Capital One Financial Corp. on Sept. 11 issued and sold 60 million depositary shares, each representing a 0.025 ownership interest in a share of the company's fixed-rate noncumulative perpetual preferred stock, series I.
The net proceeds of the offering were about $1.46 billion, after deducting underwriting commissions and estimated offering expenses. The company plans to use the net proceeds for general corporate purposes in the ordinary course of business, according to a prospectus supplement.
The liquidation preference is $25 per depositary share, which is equivalent to $1,000 per series I preferred share. Dividends on the preferred stock will accrue and be payable from the date of issuance at a rate of 5.00% per annum, payable quarterly in arrears on March 1, June 1, Sept. 1 and Dec. 1 of each year, starting Dec. 1, 2019.

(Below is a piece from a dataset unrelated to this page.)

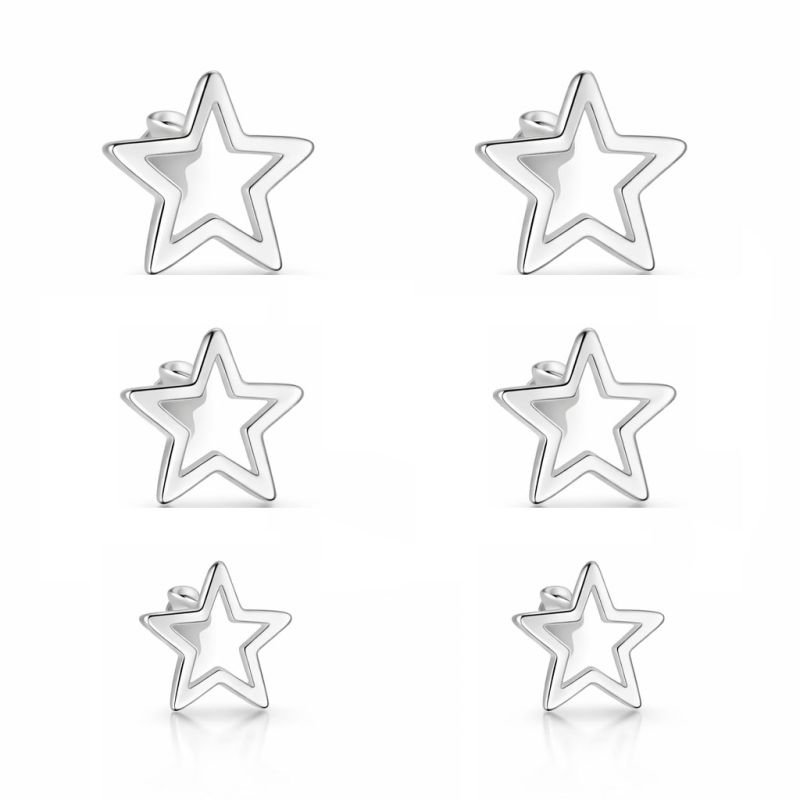 Trio de brincos com 3 estrelas vazadas e de tamanhos diferentes.
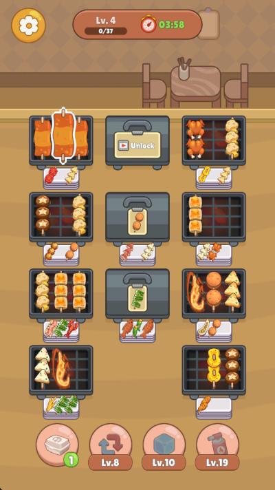 烧烤排序的核心玩法清晰而富有深度,主要围绕消除满足订单这一循环展开。玩家的主要目标是扮演烧烤摊主,准确高效地完成每一位顾客头顶显示的订单。订单通常要求特定种类和数量的烤串,3串羊肉串或2串鸡翅加1串辣椒。游戏的操作方式直观易懂:烤架上布满了用竹签串好的各类生食食材。玩家需要通过手指滑动来拖拽移动整串食材,当三串或以上相同类型的烤串在横排或竖列上相邻对齐时,它们就会合并升级为一串更高级、计数更多的熟食烤串,并计入相应订单的完成进度。将三串生鸡肉串移动到一起,它们会合并成一串完美的熟烤鸡翅。随着关卡推进,烤架布局会变得更加复杂,食材种类也更加繁多,考验玩家的观察与布局能力。当遇到难以快速合并的僵局时,玩家可以使用预先获得或通过奖励兑换的道具来辅助通关,如火焰助推器可以随机烤熟(即消除)一格食材,刷新器可以重新排列当前烤架上的部分食材。成功完成关卡后,玩家将获得金币与星星奖励,用于解锁新的食材图鉴、升级摊位设备或装饰店铺。游戏还设置了挑战模式,要求玩家在连续快速消除中触发分数倍增效应,这对玩家的瞬时反应和局势预判能力提出了更高要求。从基本的拖拽合并,到中期的空间规划与连锁预判,再到后期的设备管理与策略性道具使用,烧烤排序构建了一个循序渐进、乐趣层层递进的玩法体系,让玩家在享受消除快感的也能深深沉浸在经营一家成功烧烤店的满足感之中。

At its option, the company may redeem the preferred shares, in whole or in part, from time to time, on any dividend payment date on or after Dec. 1, 2024. It may also redeem the preferred shares, in whole but not in part, at any time within 90 days following a regulatory capital treatment event. The preferred shares will be redeemed at a price equal to $1,000 per share, equivalent to $25 per depositary share, plus any declared and unpaid dividends.
Capital One Financial will apply to list the depositary shares on the NYSE under the symbol COFPRI. If the application is approved, trading of the depositary shares on the NYSE is expected to begin within the 30-day period following the original issuance date of the depositary shares.
In a pricing term sheet, the company listed BofA Securities Inc., J.P. Morgan Securities LLC, Morgan Stanley & Co. LLC, UBS Securities LLC and Wells Fargo Securities LLC as joint book-running managers for the transaction. Barclays Capital Inc., Citigroup Global Markets Inc., Credit Suisse Securities (USA) LLC and Goldman Sachs & Co. LLC were listed as co-managers.